> _EXERCISE GOAL_
No pictures should appear. The lines from the beginning of the listing through the one holding "Cirsium vulgare before" must be reproduced exactly, and nothing more.

> _DATA EXTRACTS_
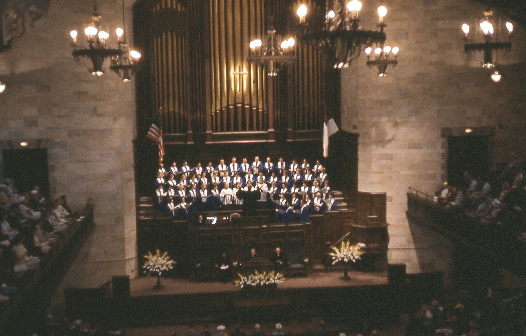 The choir performing during a Sunday service, at the First Presbyterian Church of Hollywood, California. Taken with a 35mm Exakta VX, using Ektachrome slide film.
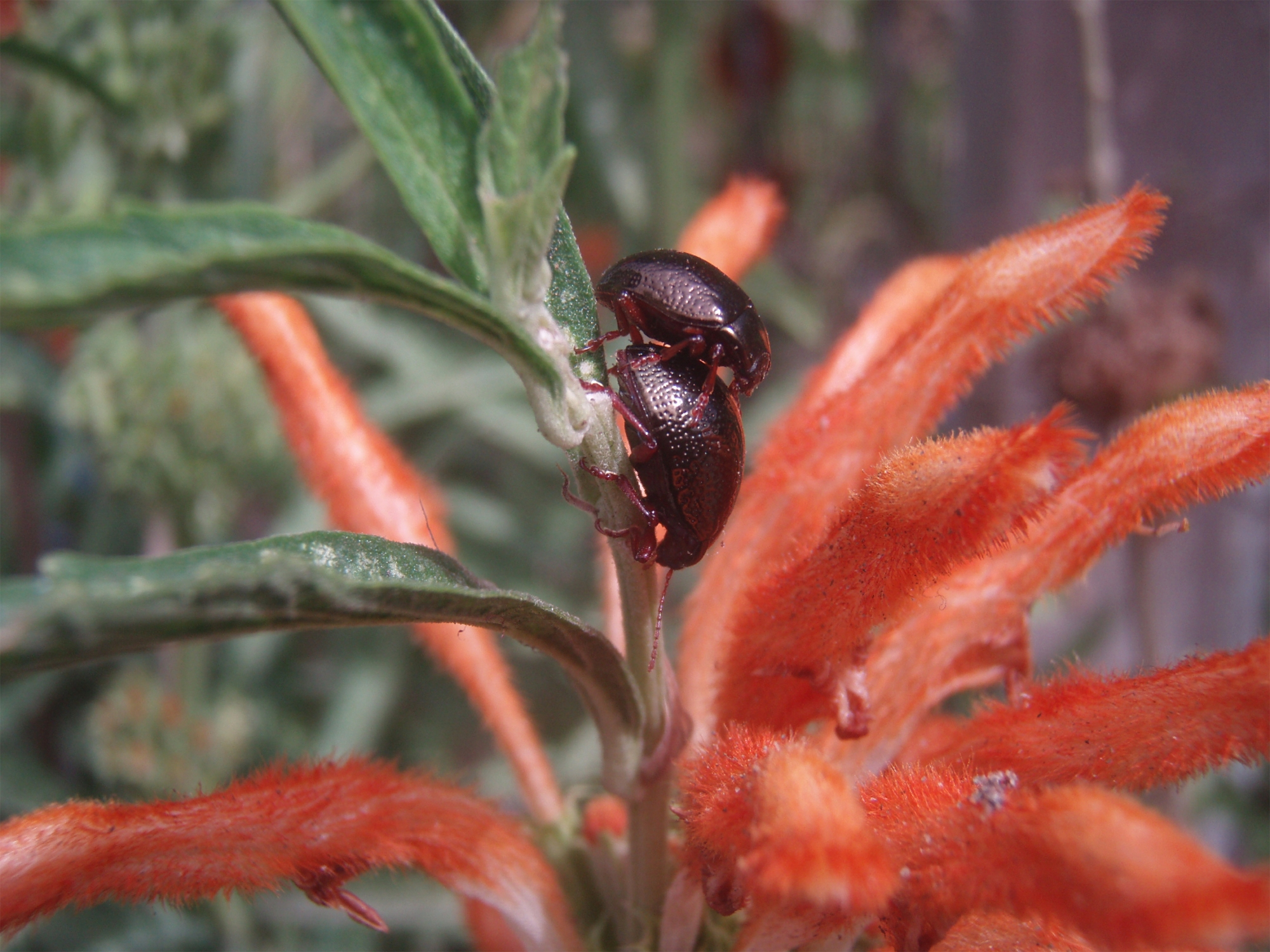 Mating beetles
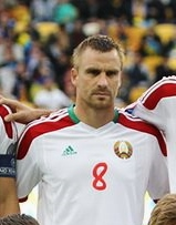 Sergei Kornilenko
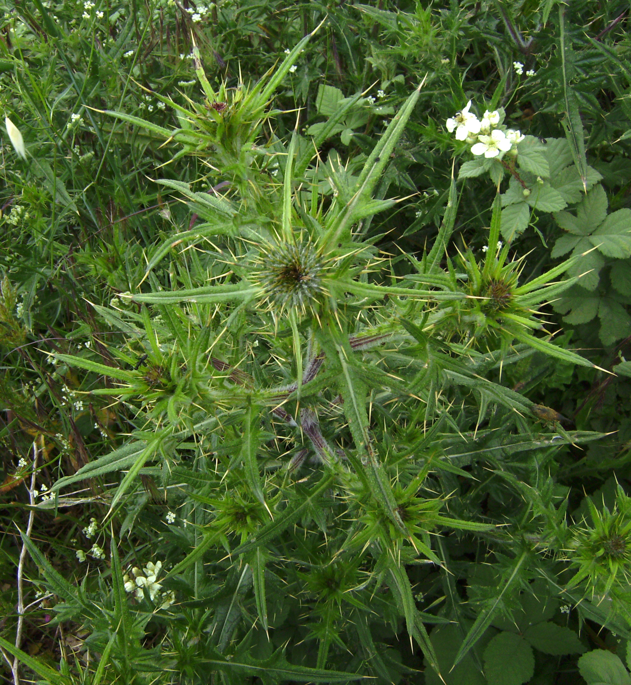 Cirsium vulgare before flowering, Castelltallat, Catalonia
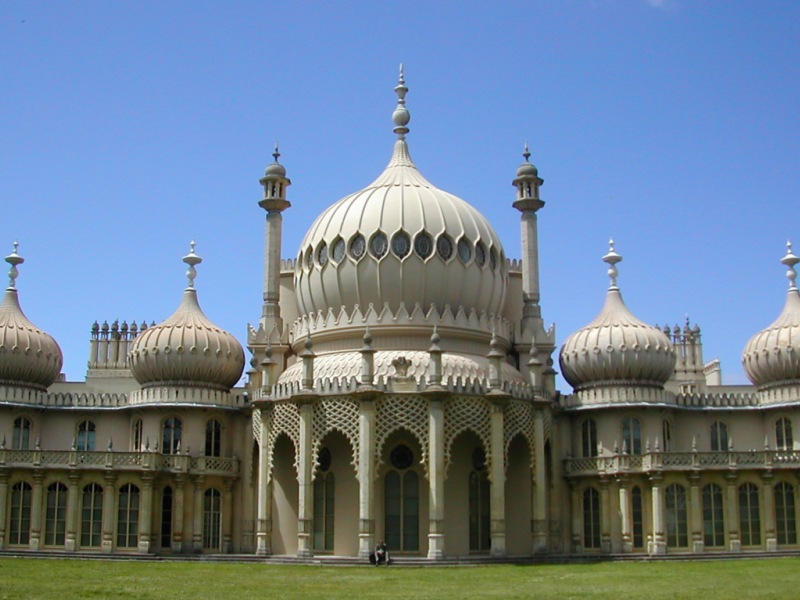 Royal Pavilion in Brighton, UK. I took this photo this morning, in between rain showers! It was a tiny bit wonky, but I tried to solve that with Gimp's rotate function, and trimmed the edges off. I also resized it, and magically it now fits onto my screen perfectly with wikipedia's layout.
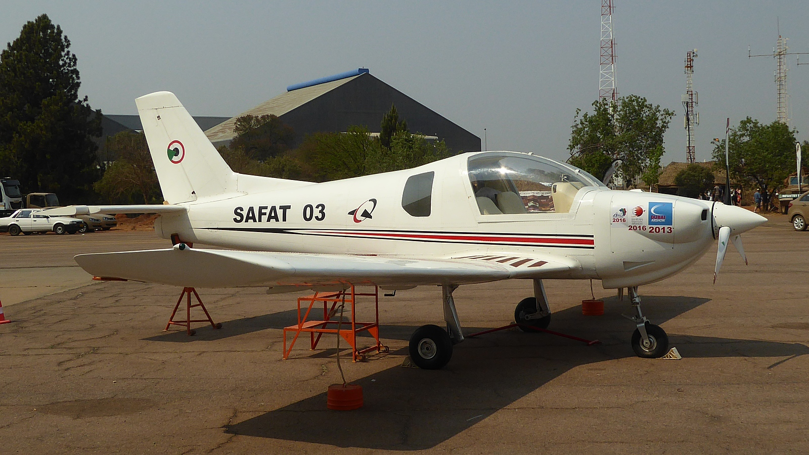 At the Africa Aerospace & Defence Show (AAD), Air Force Base Waterkloof, South Africa
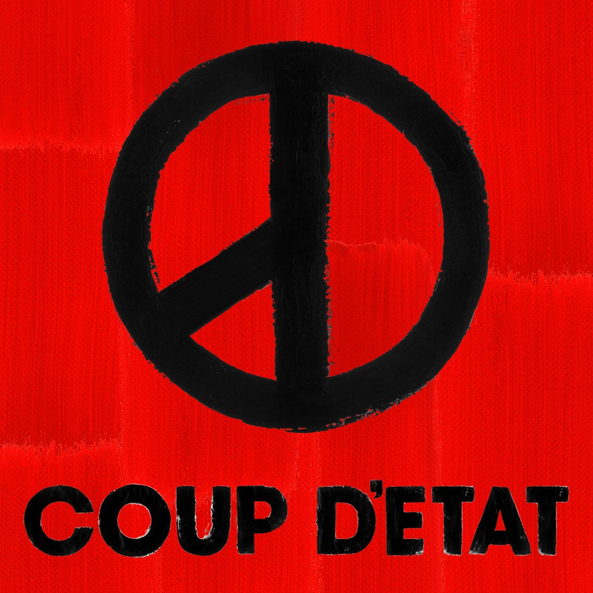 Alternative cover of Coup D'Etat by G-Dragon

> _ANSWER AREA_
 The choir performing during a Sunday service, at the First Presbyterian Church of Hollywood, California. Taken with a 35mm Exakta VX, using Ektachrome slide film.
 Mating beetles
 Sergei Kornilenko
 Cirsium vulgare before flowering, Castelltallat, Catalonia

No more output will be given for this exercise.